* Available data:
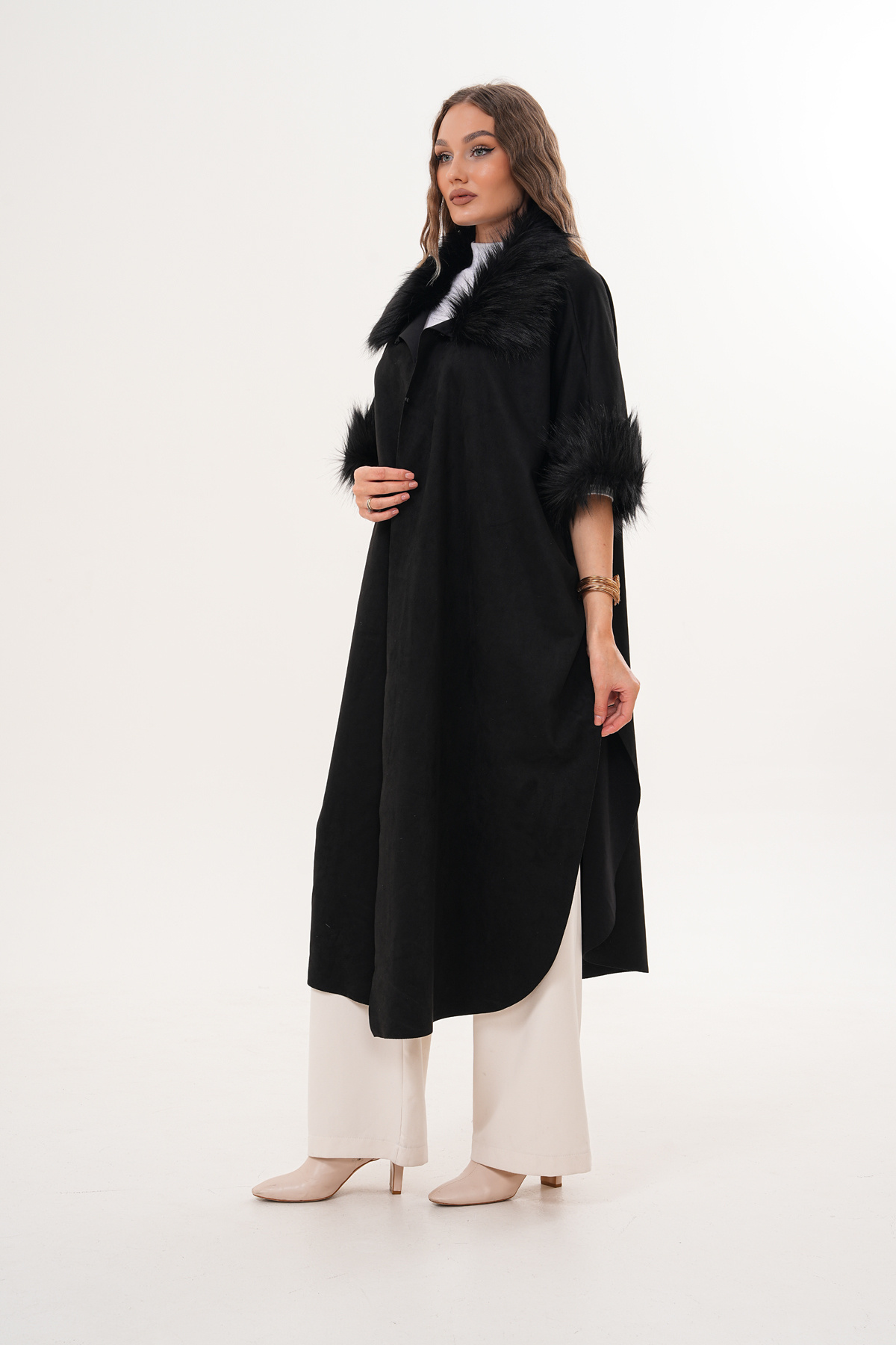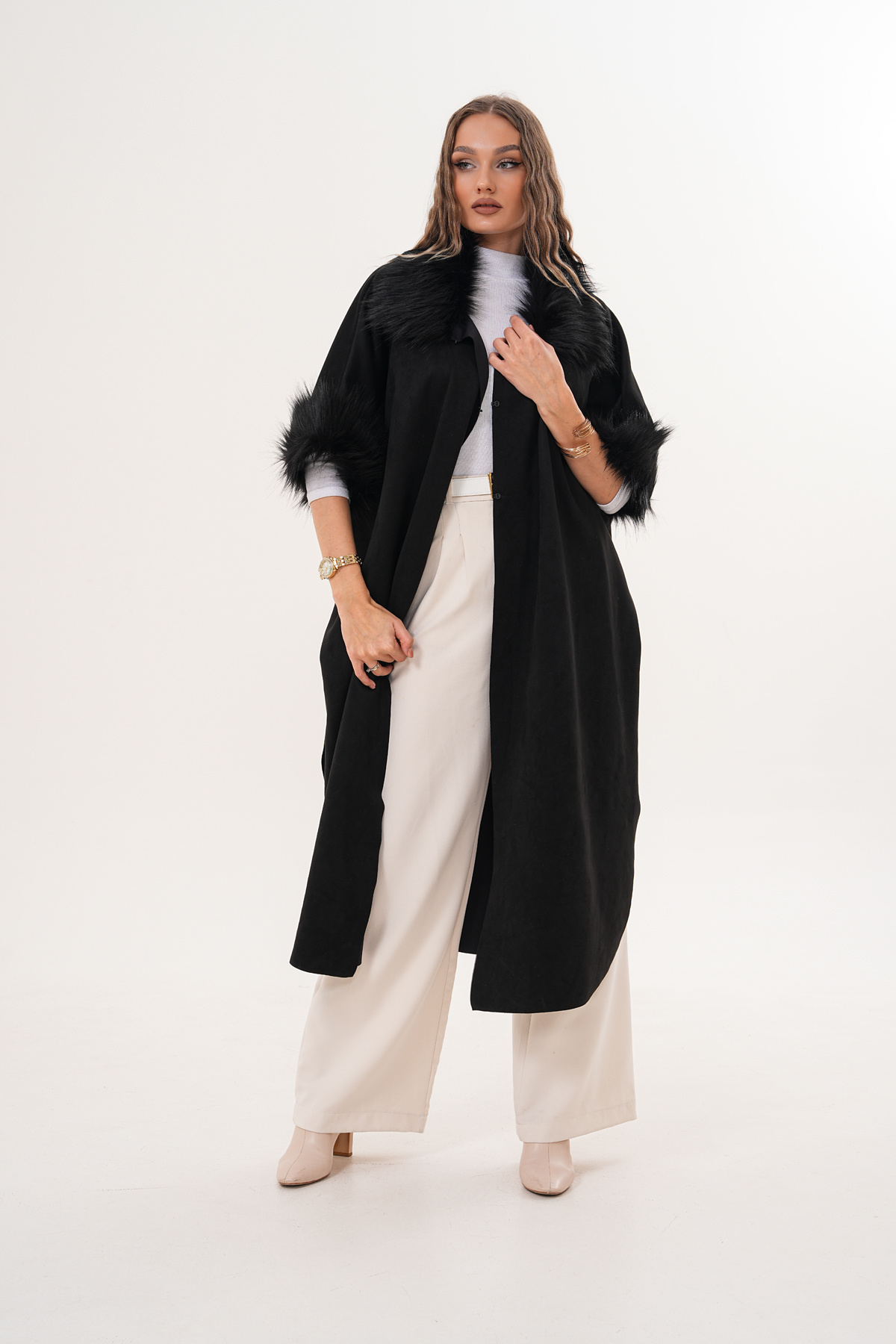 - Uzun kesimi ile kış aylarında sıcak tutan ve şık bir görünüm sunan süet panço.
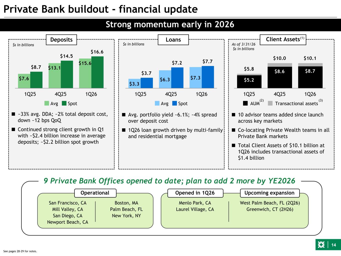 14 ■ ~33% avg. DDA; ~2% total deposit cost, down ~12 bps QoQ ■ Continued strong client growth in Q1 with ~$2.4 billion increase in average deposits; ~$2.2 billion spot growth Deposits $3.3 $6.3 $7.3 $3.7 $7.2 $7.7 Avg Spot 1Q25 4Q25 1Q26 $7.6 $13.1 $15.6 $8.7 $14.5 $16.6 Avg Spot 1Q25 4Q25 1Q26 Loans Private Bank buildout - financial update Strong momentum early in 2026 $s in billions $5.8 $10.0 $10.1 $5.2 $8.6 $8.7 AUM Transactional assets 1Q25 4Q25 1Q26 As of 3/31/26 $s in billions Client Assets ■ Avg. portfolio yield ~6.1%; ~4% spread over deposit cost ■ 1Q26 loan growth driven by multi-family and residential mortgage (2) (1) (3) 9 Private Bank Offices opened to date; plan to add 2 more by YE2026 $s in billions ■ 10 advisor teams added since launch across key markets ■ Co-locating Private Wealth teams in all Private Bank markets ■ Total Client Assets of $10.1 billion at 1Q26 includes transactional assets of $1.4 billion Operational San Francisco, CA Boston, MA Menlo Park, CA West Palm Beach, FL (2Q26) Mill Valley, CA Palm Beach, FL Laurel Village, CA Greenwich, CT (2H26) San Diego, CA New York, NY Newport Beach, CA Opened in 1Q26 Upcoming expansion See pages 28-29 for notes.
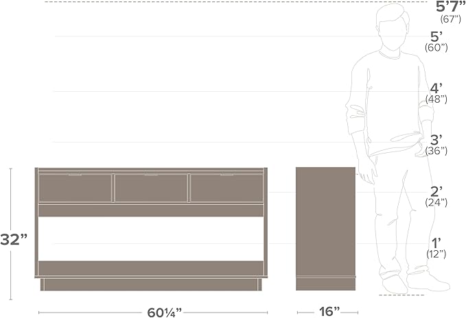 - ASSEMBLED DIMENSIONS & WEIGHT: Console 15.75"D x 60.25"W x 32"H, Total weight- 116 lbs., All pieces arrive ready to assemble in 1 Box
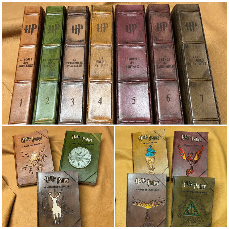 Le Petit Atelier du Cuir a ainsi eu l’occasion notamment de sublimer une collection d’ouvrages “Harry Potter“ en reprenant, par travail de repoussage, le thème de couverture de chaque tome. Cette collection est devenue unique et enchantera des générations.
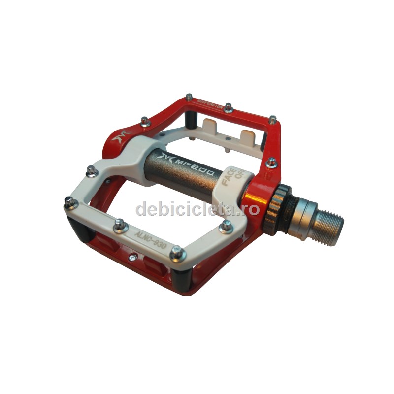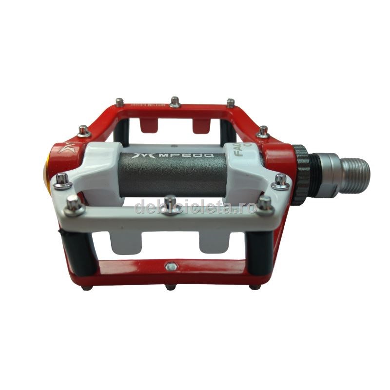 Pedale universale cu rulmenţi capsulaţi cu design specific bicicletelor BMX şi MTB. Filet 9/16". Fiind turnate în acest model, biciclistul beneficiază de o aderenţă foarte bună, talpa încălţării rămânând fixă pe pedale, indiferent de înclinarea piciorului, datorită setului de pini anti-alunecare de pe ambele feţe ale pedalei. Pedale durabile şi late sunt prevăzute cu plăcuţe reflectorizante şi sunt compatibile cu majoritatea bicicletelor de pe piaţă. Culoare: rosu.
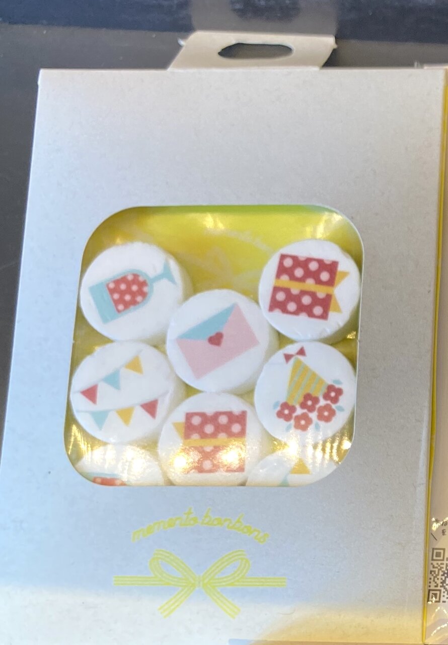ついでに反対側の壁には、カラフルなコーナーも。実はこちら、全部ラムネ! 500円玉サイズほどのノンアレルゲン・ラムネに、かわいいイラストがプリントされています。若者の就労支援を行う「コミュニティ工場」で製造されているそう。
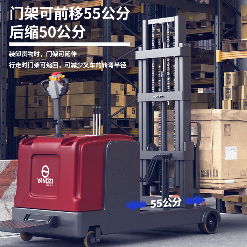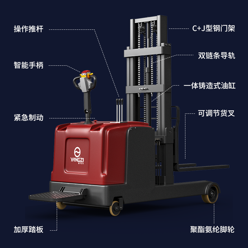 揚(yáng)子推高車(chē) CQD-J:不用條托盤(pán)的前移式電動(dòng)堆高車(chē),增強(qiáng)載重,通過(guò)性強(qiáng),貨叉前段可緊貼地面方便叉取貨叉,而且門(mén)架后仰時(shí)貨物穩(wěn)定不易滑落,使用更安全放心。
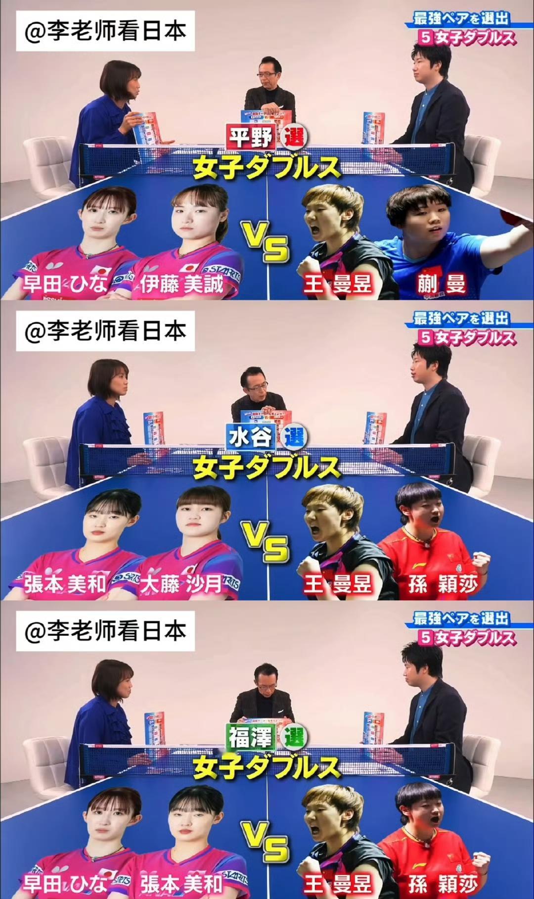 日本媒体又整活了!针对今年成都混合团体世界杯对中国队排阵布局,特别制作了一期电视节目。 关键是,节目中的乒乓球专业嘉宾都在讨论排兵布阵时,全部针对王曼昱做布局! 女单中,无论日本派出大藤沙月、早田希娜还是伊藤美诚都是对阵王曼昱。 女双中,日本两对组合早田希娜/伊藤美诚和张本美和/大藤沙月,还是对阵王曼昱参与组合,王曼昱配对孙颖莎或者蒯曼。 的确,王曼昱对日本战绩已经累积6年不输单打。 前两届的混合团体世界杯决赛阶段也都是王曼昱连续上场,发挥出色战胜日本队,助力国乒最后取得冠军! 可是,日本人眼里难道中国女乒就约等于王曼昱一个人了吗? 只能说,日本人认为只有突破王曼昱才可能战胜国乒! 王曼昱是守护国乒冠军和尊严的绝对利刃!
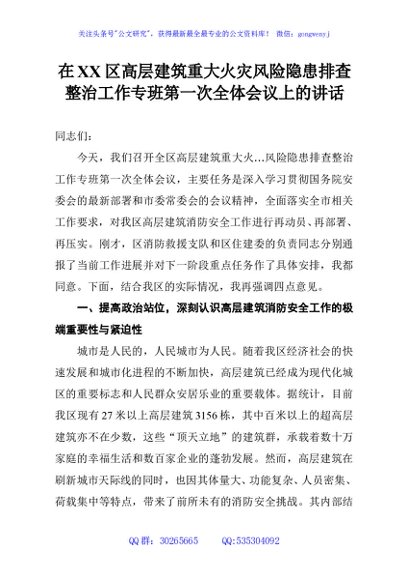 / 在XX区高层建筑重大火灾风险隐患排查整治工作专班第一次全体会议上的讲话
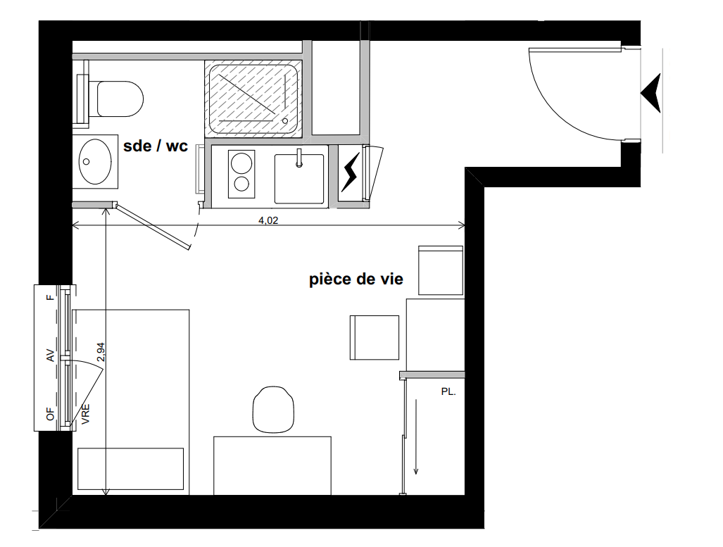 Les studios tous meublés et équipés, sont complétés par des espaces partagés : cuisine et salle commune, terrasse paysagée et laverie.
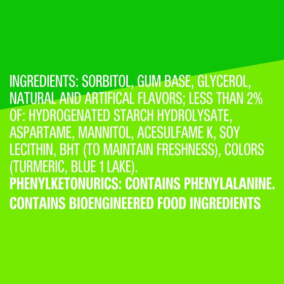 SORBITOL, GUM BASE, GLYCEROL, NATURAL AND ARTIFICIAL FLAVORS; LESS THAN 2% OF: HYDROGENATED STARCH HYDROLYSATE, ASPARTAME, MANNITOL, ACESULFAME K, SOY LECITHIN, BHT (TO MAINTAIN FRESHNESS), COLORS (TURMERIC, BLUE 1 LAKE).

* Task description:
With images excluded, write the records above out again exactly.

* Solution to this problem:
 - Uzun kesimi ile kış aylarında sıcak tutan ve şık bir görünüm sunan süet panço.
 14 ■ ~33% avg. DDA; ~2% total deposit cost, down ~12 bps QoQ ■ Continued strong client growth in Q1 with ~$2.4 billion increase in average deposits; ~$2.2 billion spot growth Deposits $3.3 $6.3 $7.3 $3.7 $7.2 $7.7 Avg Spot 1Q25 4Q25 1Q26 $7.6 $13.1 $15.6 $8.7 $14.5 $16.6 Avg Spot 1Q25 4Q25 1Q26 Loans Private Bank buildout - financial update Strong momentum early in 2026 $s in billions $5.8 $10.0 $10.1 $5.2 $8.6 $8.7 AUM Transactional assets 1Q25 4Q25 1Q26 As of 3/31/26 $s in billions Client Assets ■ Avg. portfolio yield ~6.1%; ~4% spread over deposit cost ■ 1Q26 loan growth driven by multi-family and residential mortgage (2) (1) (3) 9 Private Bank Offices opened to date; plan to add 2 more by YE2026 $s in billions ■ 10 advisor teams added since launch across key markets ■ Co-locating Private Wealth teams in all Private Bank markets ■ Total Client Assets of $10.1 billion at 1Q26 includes transactional assets of $1.4 billion Operational San Francisco, CA Boston, MA Menlo Park, CA West Palm Beach, FL (2Q26) Mill Valley, CA Palm Beach, FL Laurel Village, CA Greenwich, CT (2H26) San Diego, CA New York, NY Newport Beach, CA Opened in 1Q26 Upcoming expansion See pages 28-29 for notes.
 - ASSEMBLED DIMENSIONS & WEIGHT: Console 15.75"D x 60.25"W x 32"H, Total weight- 116 lbs., All pieces arrive ready to assemble in 1 Box
 Le Petit Atelier du Cuir a ainsi eu l’occasion notamment de sublimer une collection d’ouvrages “Harry Potter“ en reprenant, par travail de repoussage, le thème de couverture de chaque tome. Cette collection est devenue unique et enchantera des générations.
 Pedale universale cu rulmenţi capsulaţi cu design specific bicicletelor BMX şi MTB. Filet 9/16". Fiind turnate în acest model, biciclistul beneficiază de o aderenţă foarte bună, talpa încălţării rămânând fixă pe pedale, indiferent de înclinarea piciorului, datorită setului de pini anti-alunecare de pe ambele feţe ale pedalei. Pedale durabile şi late sunt prevăzute cu plăcuţe reflectorizante şi sunt compatibile cu majoritatea bicicletelor de pe piaţă. Culoare: rosu.
ついでに反対側の壁には、カラフルなコーナーも。実はこちら、全部ラムネ! 500円玉サイズほどのノンアレルゲン・ラムネに、かわいいイラストがプリントされています。若者の就労支援を行う「コミュニティ工場」で製造されているそう。
 揚(yáng)子推高車(chē) CQD-J:不用條托盤(pán)的前移式電動(dòng)堆高車(chē),增強(qiáng)載重,通過(guò)性強(qiáng),貨叉前段可緊貼地面方便叉取貨叉,而且門(mén)架后仰時(shí)貨物穩(wěn)定不易滑落,使用更安全放心。
 日本媒体又整活了!针对今年成都混合团体世界杯对中国队排阵布局,特别制作了一期电视节目。 关键是,节目中的乒乓球专业嘉宾都在讨论排兵布阵时,全部针对王曼昱做布局! 女单中,无论日本派出大藤沙月、早田希娜还是伊藤美诚都是对阵王曼昱。 女双中,日本两对组合早田希娜/伊藤美诚和张本美和/大藤沙月,还是对阵王曼昱参与组合,王曼昱配对孙颖莎或者蒯曼。 的确,王曼昱对日本战绩已经累积6年不输单打。 前两届的混合团体世界杯决赛阶段也都是王曼昱连续上场,发挥出色战胜日本队,助力国乒最后取得冠军! 可是,日本人眼里难道中国女乒就约等于王曼昱一个人了吗? 只能说,日本人认为只有突破王曼昱才可能战胜国乒! 王曼昱是守护国乒冠军和尊严的绝对利刃!
 / 在XX区高层建筑重大火灾风险隐患排查整治工作专班第一次全体会议上的讲话
 Les studios tous meublés et équipés, sont complétés par des espaces partagés : cuisine et salle commune, terrasse paysagée et laverie.
 SORBITOL, GUM BASE, GLYCEROL, NATURAL AND ARTIFICIAL FLAVORS; LESS THAN 2% OF: HYDROGENATED STARCH HYDROLYSATE, ASPARTAME, MANNITOL, ACESULFAME K, SOY LECITHIN, BHT (TO MAINTAIN FRESHNESS), COLORS (TURMERIC, BLUE 1 LAKE).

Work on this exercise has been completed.